9. The ranking algorithms do NOT decide whether a person will route or answer, but only
decide to whom a person should route a question if the question is to be routed.
MY VIRTUAL WORLD API
Front-end
Interactive Interface to enter the statistics for simulation:
PERFORMANCE METRICS
To evaluate the efficacy of each routing approach, we will consider 3 dependent variables,
and 9 independent variables:
Dependent Variables
1. Answer Ratio = (the number of people who answered the question) / (the # of people
who received the question)
2. Pass Ratio = (the number of people who passed the question to another person) / (the #
of people who received the question)
3. Average Knowledge Per Question = (for each question answered, sum of the answerers
knowledge of that question) / (the # of questions)
Independent Variables
1. # of Persons = size of social network = (200)

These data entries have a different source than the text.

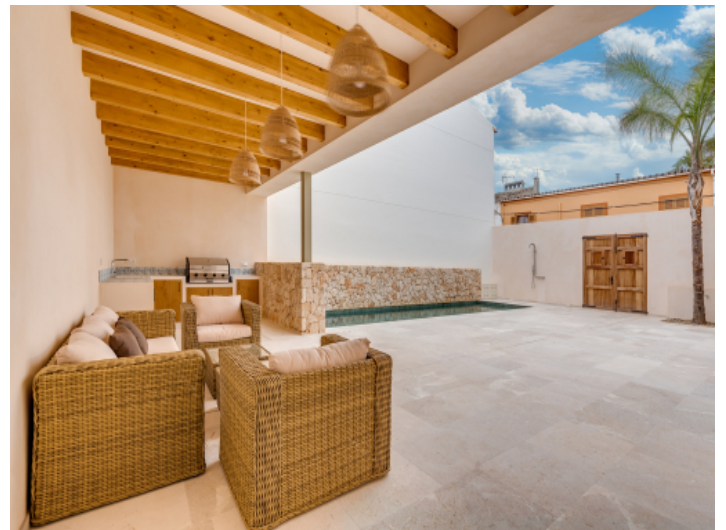
Überdachte Terrasse im Innenhof
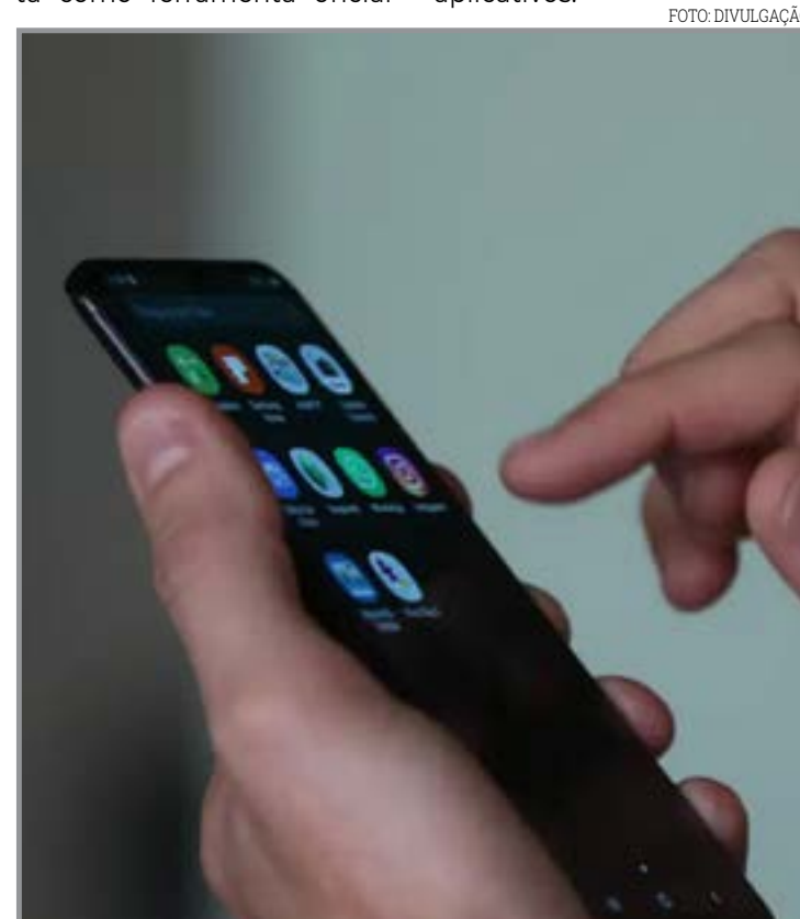
Programa malicioso rouba dados bancários de usuários

tiva, estão o Código de Ética e Conduta, políticas internas de Anticorrupção, Compliance, Conflito de Interesses, Comitê de Integridade, Canal de Denúncias e treinamentos internos que fortalecem O Jeito de Ser Girassol.
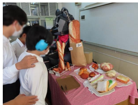
本校作品展示の様子

中学部2年生は作品出展鑑賞に加えて、体育館で舞台発表をしました。舞台発表の前半は、代表の生徒がプレゼンテーションソフトを使って、写真を提示しながら学校生活の様子を紹介しました。後半は、運動会で行ったリズム体操を披露しました。お互いの生徒が「エイエイオー！」と大きな掛け声を出し合うことで、一体感を味わうことができました。
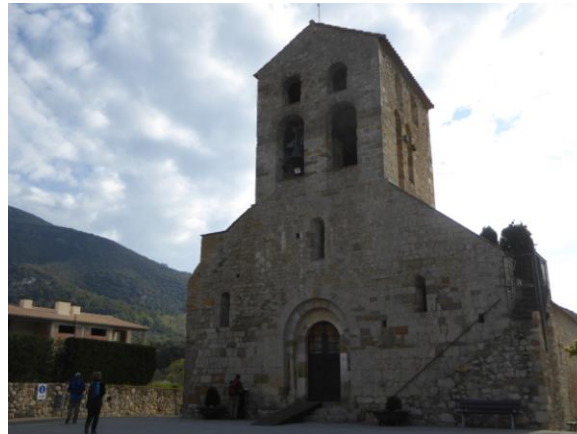
Sant Feliu de Beuda

Junt al Santuari hi ha un restaurant i una hostatgeria, que servia la cambra on sojornà mossèn Cinto Verdaguer durant l'estiu de 1884. En aquest indret la solitud i la contemplació del proper massís del Canigó van continuar alimentant la inspiració del gran poeta. A l'esplanada del cim, davant del Santuari hi ha el monument de mossèn Cinto, inaugurat el 2008, que palesa la seva eremítica estada.
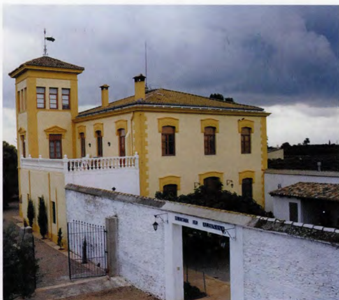
Hort d'Albinyana, vista posterior del conjunt de la vivenda
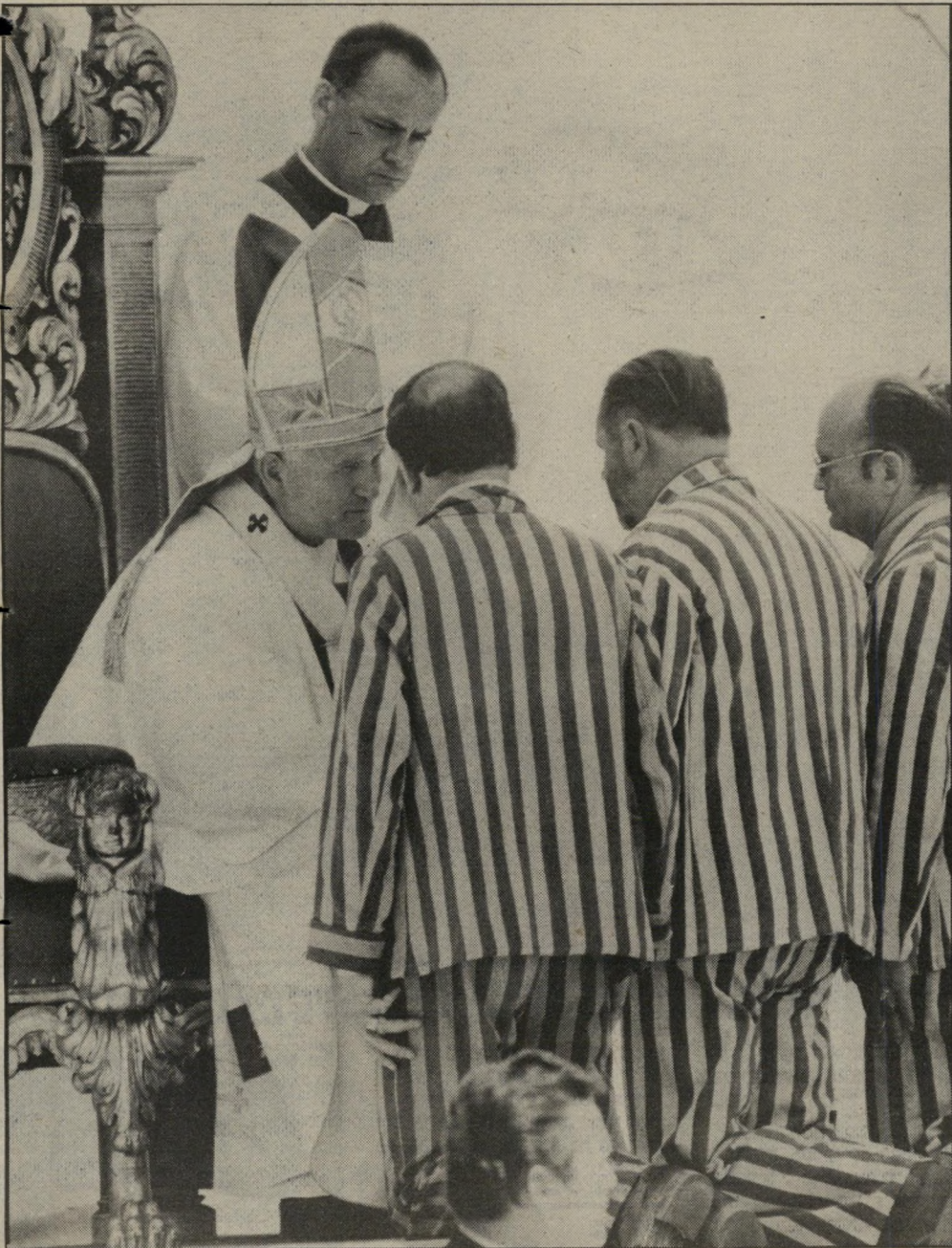
האפיפיור יוחנן פאולוס השני: נגישה בוורוצלאב

תמונה זו רגע אנושי בעל עוצמה: פגישתו של האפיפיור עם ניצולי מחנות ההשמדה שבאו להיפגש עמו בוורוצלאב, שם נערכה תפילה בנוכחות רכבות מפגינים, שנשאו כרוזת נגד נטילת זכויות האדם, כאז כן היום.
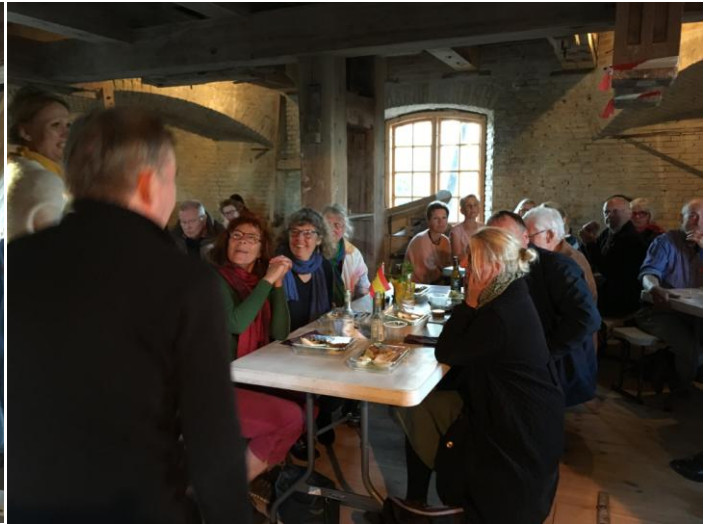
Lækre madkurve med spansk indhold af Tapas
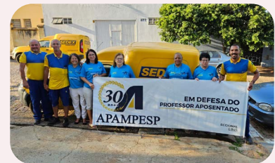
No dia 25 de junho, os Correios estiveram presentes na Regional de Lins para efetuar a retirada de 360 litros de leite doados por associados da Apampesp, destinados aos afetados pelas enchentes no Rio Grande do Sul.

2. # of Friendships Per Person. = (5)
3. # of Tags = size of the tag dictionary = (20)
4. # of Questions = the number of questions asked = (from 10 to 100, incrementing by 10)

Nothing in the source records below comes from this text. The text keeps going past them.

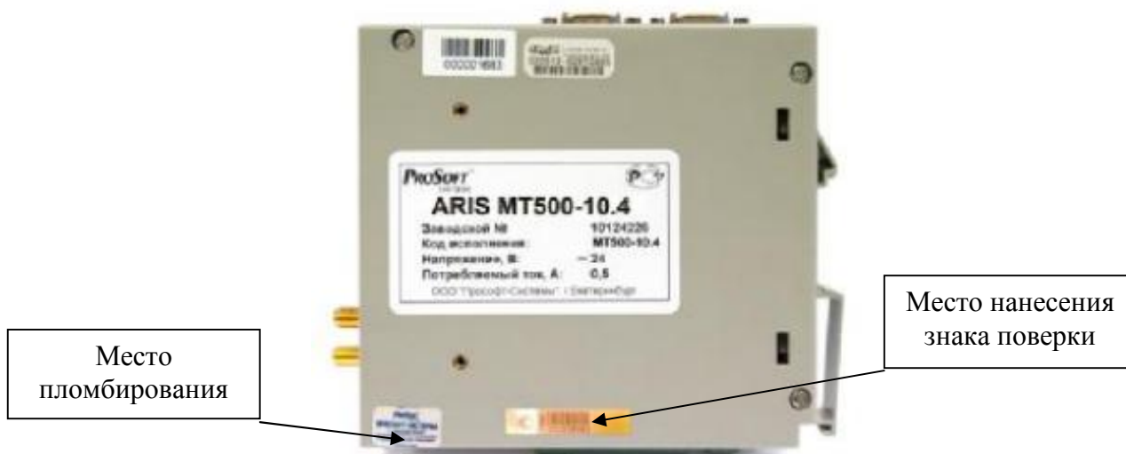
Рисунок 1 – Общий вид контроллеров с указанием мест пломбирования от несанкционированного доступа и нанесения знака поверки
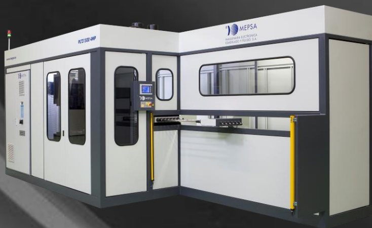
Tubos y perfiles
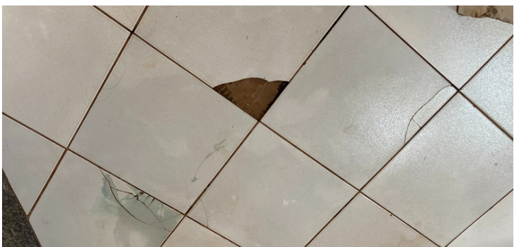
Foto 5 Piso quebrado no corredor de acesso aos consultórios.
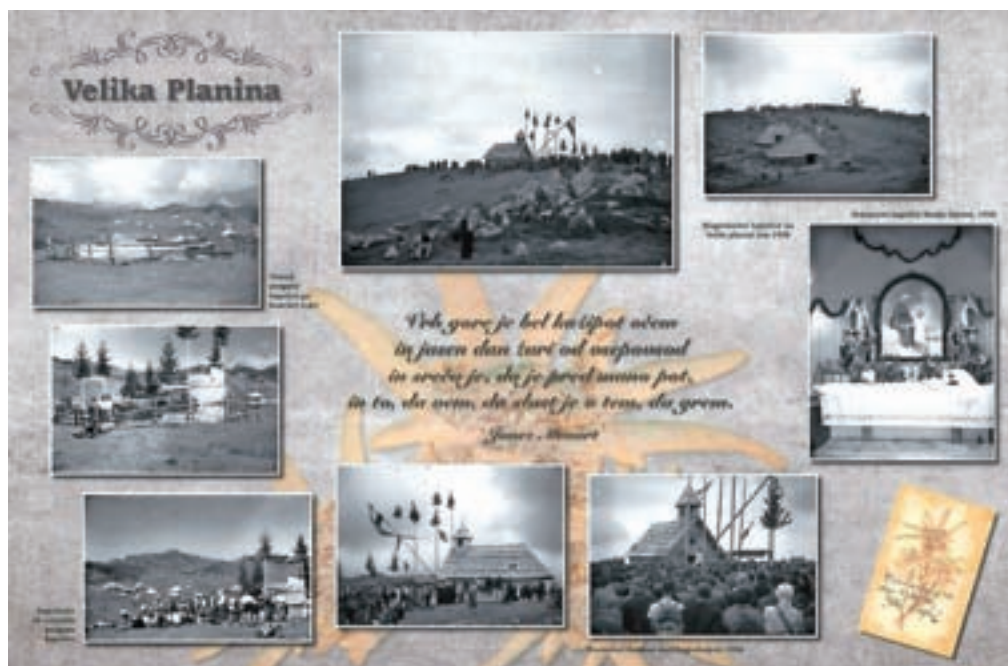
Velika planina, kot jo je v prvi polovici prejšnjega stoletja ovekovečil fotograf Peter Naglič

Razstava bo na ogled do konca avgusta v času uradnih ur Občine Kamnik.

5. # of Tags Per Question = (1)
6. Friend Response Rate = the probability that a person will respond to a friends question by
either answering the question or passing it to another friend. = (.5)
7. Non-friend Response Rate = the probability that a person will respond to a non-friends
question by either answering the question or passing it to another friend. = (.5)
8. Maximum # of Passes Per Question = (10)
9. RouterApproachType = algorithm which decides which friend to pass a question to =
(RandomRank, FriendRank, ExpertRank)
We assume that a routing approach is effective to the extent that it maximizes the Average
Knowledge Per Question.
EXPERIMENTAL EVALUATION
We have run the simulation
We successfully designed and implemented an abstract framework for testing question routing,
and used this framework to compare the performance of three approaches to routing questions,
RandomRank, FriendRank, and ExpertRank. While the results of our experiment did not provide
strong evidence that the algorithms have significant performance differences, we cannot yet
conclude that these approaches lack significant performance differences. We believe that we
may be able discern significant performance differences by tweaking the indepedent variables,
and/or changing the initial topology of the question maps. We hypothesize that the near
uniformity of performance across the router approach types may be due to the random
distribution of knowledge across the social network.
CONCLUSION
We would like to revise ExpertRank, which currently only uses centrality to discern
expertise. This centrality measure does not take into account the knowledge scores of
friends, but rather only relies on the structure of the question maps, how people have
historically
passed questions. But when we test ExpertRank, we generate these question maps without
reference to the knowledge scores of any of the people, but only with reference to the
existing structural centrality of the question maps. This means that the structure of the
question maps will not reflect the knowledge scores of any of the people, and may explain
why ExpertRank performs similarly to RandomRank. To overcome this, we would like to
revise ExpertRank to take into account FriendRank or some other method that uses accurate
knowledge scores of friends.
Also, we would like to revise and test certain assumptions, which we think would make the
question routing model more realistic. For example, not everyone has the same number of
friends. We would like to find out the actual distribution of friends in social networks in
order to test our model. Similarly, we would like to test our model on actual distributions of
tags based on the frequencies of words in the English language. And we would like to find
out how our model works when we allow users to both answer a question and route it. And
finally, we would like to found out the likelihood that a question is posed by an expert, so
that we can more accurately model the seeding of questions in our network.